Bauer Philippe · Nationalrat · 2018-09-13
Bauer Philippe · Nationalrat · Neuenburg · FDP-Liberale Fraktion · 2018-09-13
Wortprotokoll
Vous l'avez entendu et vous l'aurez sans aucun doute compris, trois visions s'opposent: celle du Conseil fédéral, qui propose un concept global en matière d'équipement de l'armée avec des gilets de protection balistique; celle du Conseil des Etats, soutenue par la minorité I (Sommaruga Carlo), qui, estimant que le risque n'est pas le même pour tout le monde, a pour but de n'acquérir que la moitié du nombre de gilets de protection; et celle de la minorité II (Mazzone), qui propose un nombre indéterminé de gilets de protection mais surtout qui souhaite que toute la discussion soit reprise.
Cinq éléments ont conduit la majorité de la commission à vous proposer d'accepter aujourd'hui le projet du Conseil fédéral.
Le premier concerne la nature des gilets de protection. Ceux-ci ne sont certes pas considérés comme du matériel personnel: c'est du matériel de corps. Malgré tout, c'est une protection individuelle, c'est une pièce d'équipement que chaque soldat doit recevoir, quel que soit son engagement et quelle que soit finalement sa mission. N'oublions pas qu'une des missions de chaque militaire est de pouvoir, si nécessaire, combattre et tenir la position où il se trouve.
Le deuxième élément, c'est que, dans le cadre du projet DEVA, nous l'avons dit, nous l'avons promis, nous avons exigé que l'armée soit complètement équipée. Une armée complètement équipée signifie une armée dans laquelle tous les soldats sont équipés, la même question pouvant se poser aussi pour un employé de bureau. Est-ce qu'il a véritablement besoin d'un uniforme? L'armée doit, par conséquent, être équipée, et l'équipement de base nécessite que, lorsqu'on est engagé ou qu'on risque d'être engagé, on soit protégé.
La troisième raison, je l'ai déjà abordée lors du débat d'entrée en matière, concerne la façon dont nous allons répondre à la menace qui n'est plus linéaire, qui n'est plus quelque chose [PAGE 1345] qui concerne un front clairement déterminé. On ne sait pas ce qui peut se passer; on ne sait pas dans le détail ce qui pourrait arriver. Je dois enfin ajouter que, dans les engagements subsidiaires, les gilets sont aussi utiles, non seulement contre d'éventuels coups de fusil ou de pistolet, mais aussi en cas d'agression, que ce soit des agressions au couteau ou que ce soit des agressions à la hache.

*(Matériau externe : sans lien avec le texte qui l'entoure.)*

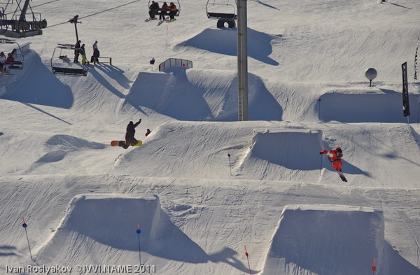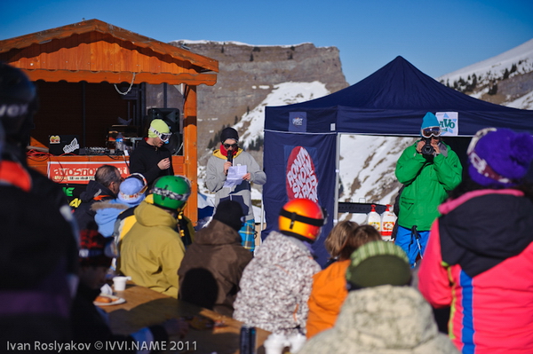 На следующий день состоялся 2 звездный TTR слоупстайл контест в верхнем парке Arare, в нем приняли участие не только русские, но и европейские райдеры. Этот день преподнес нам неприятный сюрприз - сильнейший ветер, который за две недели поднялся впервые и в этот единственный день. Весь парк был окутан снежной пылью, которая подгоняемая дикими порывами ветра создавала ощущение нереальности происходящего. Райдерам было нелегко расчитывать хода на трамплин, было много недолетов и перелетов, большая часть лыжников из-за этого не стала принимать участие в контесте. Среди сноубордистов были все вышеперечисленные, плюс райдеры из Ижевска и европейцы. Слоупстайл трасса состояла из бокса, перилы и трех трамплинов 12, 10 и 17 метров. Победителем стал Алексей Соболев (Nike 6.0, Stepchild, Flux, Spy), который откатал четко и уверенно, в финальной попытке поставил фс 1080 на большом и вырвался далеко вперед своих соперников. Вторым стал Коля Ерохин (3SC), который показал стильное катание и большие амплитуды, казалось ветер не мешает ему, а помогает. Третье место досталось голландцу Бассу Муну (686, Stepchild, Flux, Spy) еще в первой попытке он поставил фс родео, бс родео 5 и кэб 5. Среди лыжников победителем стал Паша Корпачев (Virus) из Екатеринбурга, второй - Антон Цюх из Питера (Virus).
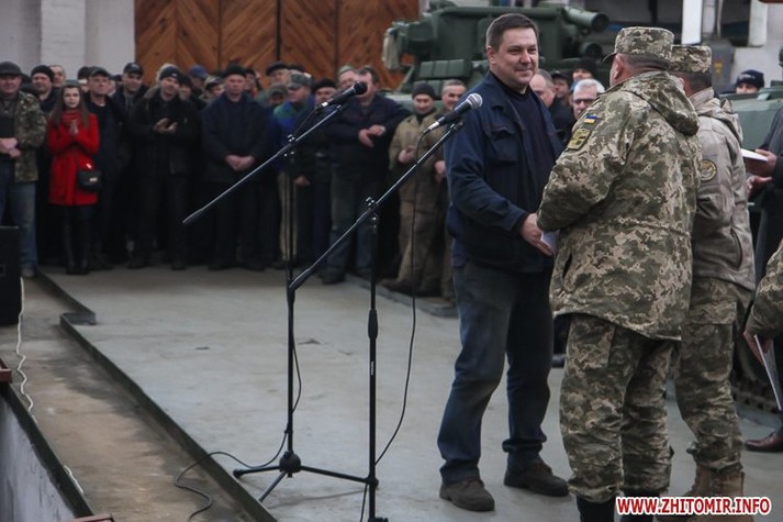«Представники нашої військової частини хотіли подякувати особовому складу бронетанкового заводу житомирського за вагомий внесок у розбудову держави, за підтримання бронетанкової техніки нашої частини у бойовій готовності для виконання завдань за призначенням у зоні АТО», – сказав заступник командира 54-го окремого розвідувального батальйону з озброєння Олександр Гончар.
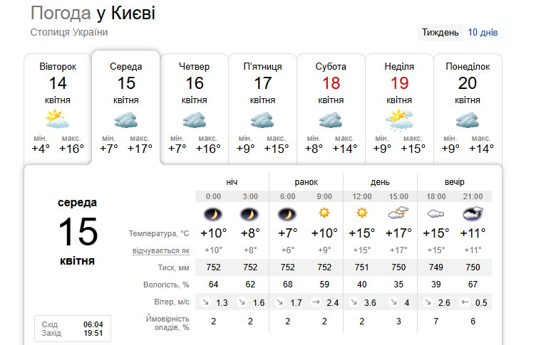 В среду, 15 апреля, жителей столицы и Киевской области ожидает облачная, но сухая погода с дневным теплом до +18 градусов выше нуля, которое ночью сменится коварными заморозками на почве.
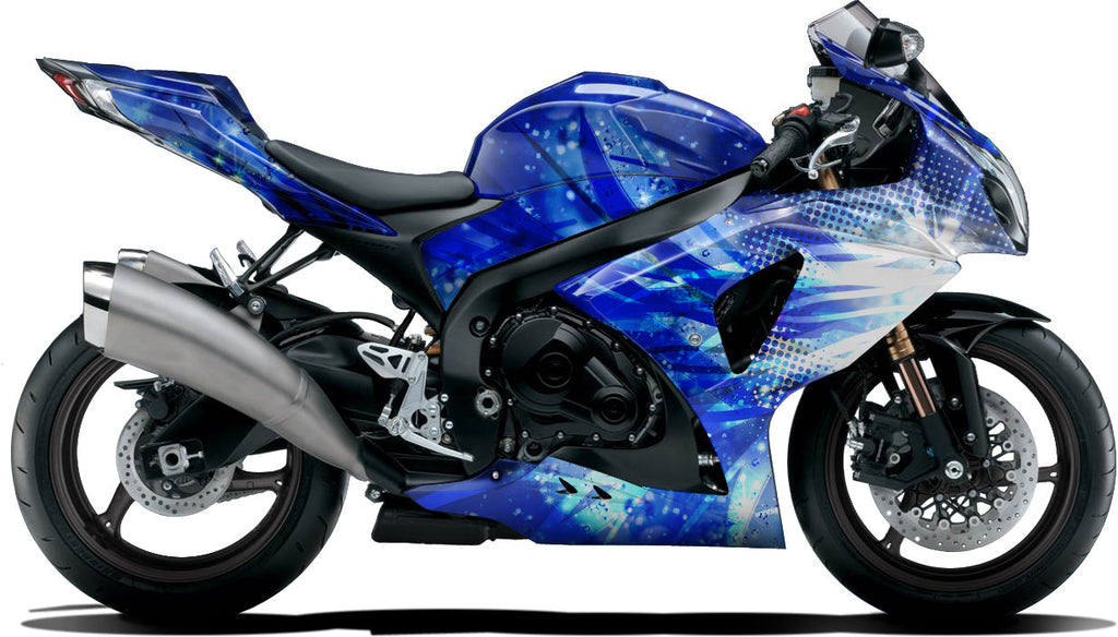 Fantasy design shown in blue, this new design motorcycle vinyl wrap is inspired by a mix of custom designs.Â
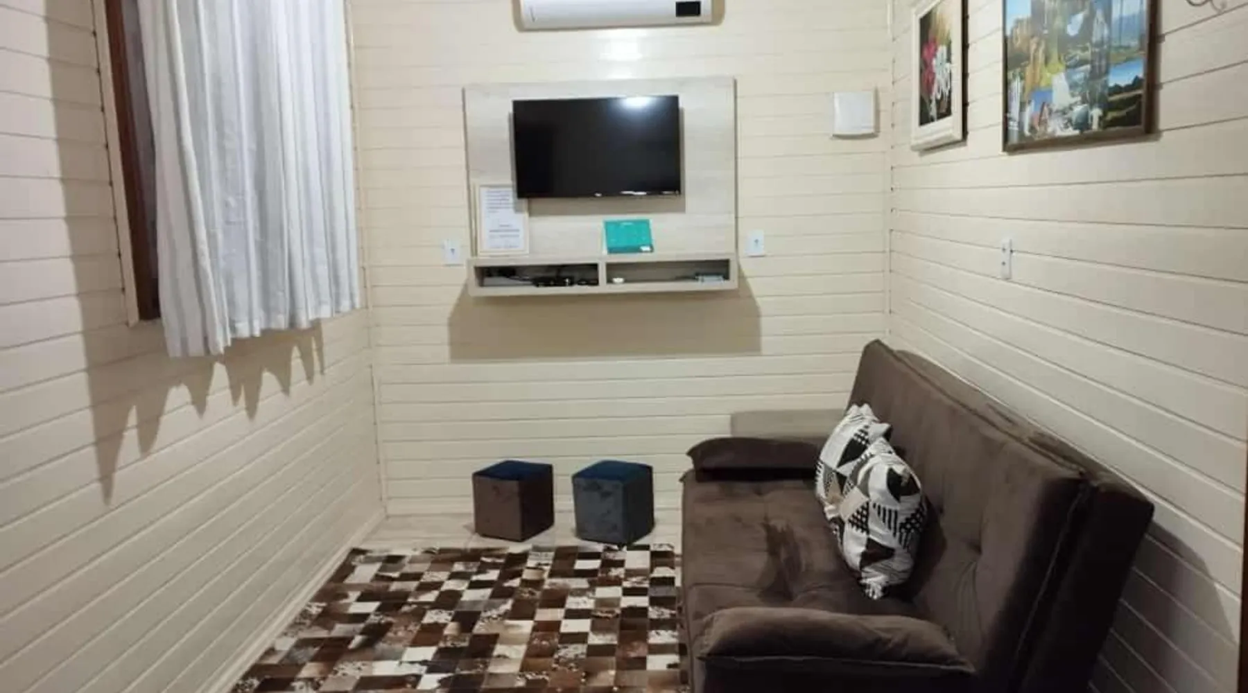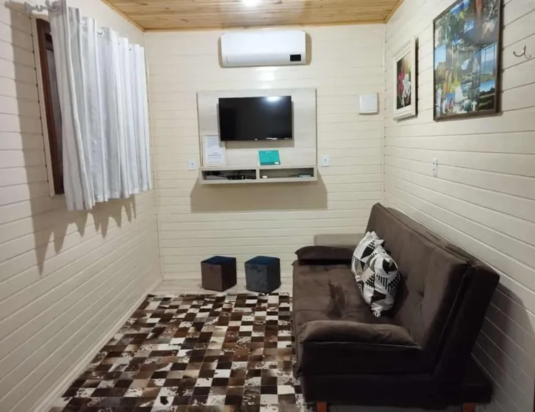 Comfortable Accommodations: Pousada Vó Irene in Urubici offers a holiday home with two bedrooms and a living room. The property features a garden, free WiFi, and free on-site private parking. Modern Amenities: Guests enjoy air-conditioning, a balcony, patio, and a fully equipped kitchen with a refrigerator, microwave, oven, and stovetop. Additional amenities include a dining area, sofa bed, TV, and soundproofing. Convenient Location: Located 80 mi from Planalto Serrano Regional Airport, the property is highly rated for its convenient location, room cleanliness, and attentive host. In the fully equipped kitchen, guests will find a stovetop, a refrigerator, kitchenware and an oven. The air-conditioned holiday home provides a flat-screen TV with cable channels, a private entrance, soundproof walls, a seating area as well as garden views. The unit offers 3 beds.
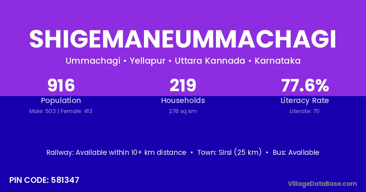 Sirsi (25 km) is the nearest town to Shigemaneummachagi village for major economic activities and is located approximately 25 km away.
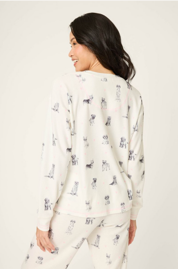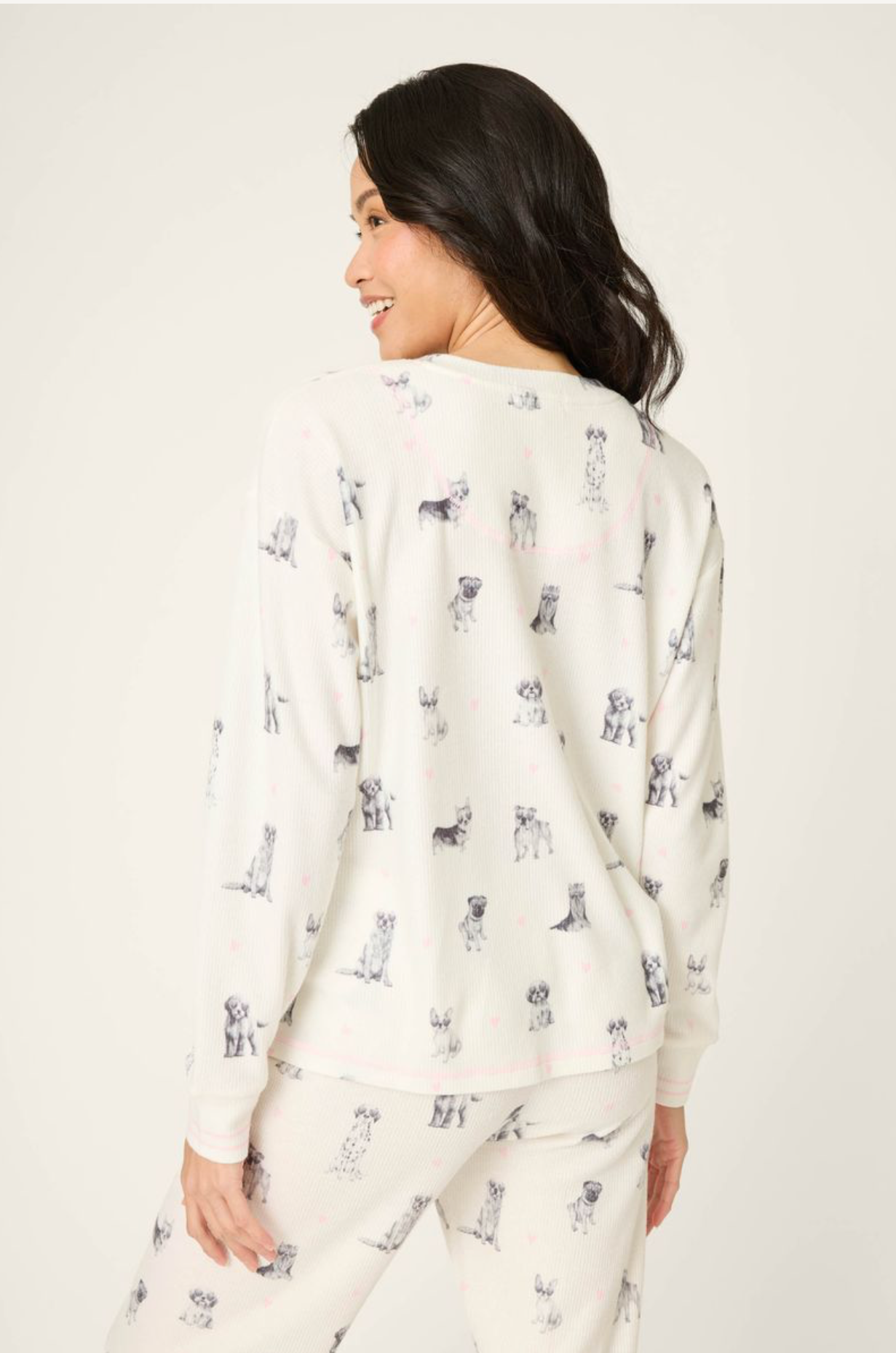 - Henley Top: Classic button placket neckline in white with charming dog and heart print
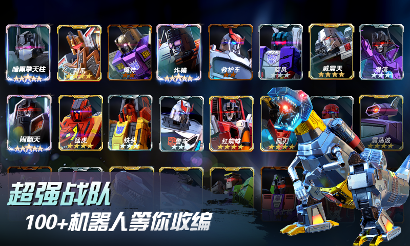 以擎天柱、威震天、大黄蜂为首的100+角色等你收集!组队闯关,解锁超炫合体金刚!

Enfin, l'argumentation du Conseil fédéral - ce concept global sur le nombre de gilets qui doivent être à la disposition des écoles de recrues, de l'armée et des réserves -, a aussi convaincu la Commission de la politique de sécurité.
C'est pour cela que le commission vous propose, par 16 voix contre 9, de rejeter la proposition défendue par la minorité I (Sommaruga Carlo) et, par 16 voix contre 3 et 6 abstentions, d'en faire de même avec la proposition défendue par la minorité II (Mazzone).
Je précise encore que la Commission des finances partage l'avis du Conseil fédéral et de la majorité de la Commission de la politique de sécurité. Or, la Commission des finances n'a pas pour réputation d'être particulièrement dépensière. Elle a même, parfois, plutôt la réputation de faire preuve d'une certaine radinerie. Alors si, aujourd'hui, elle est, elle aussi, convaincue par la nécessité et la possibilité d'engager ces montants, il faut croire que, comme la Commission de la politique de sécurité, il convient aujourd'hui de suivre le Conseil fédéral.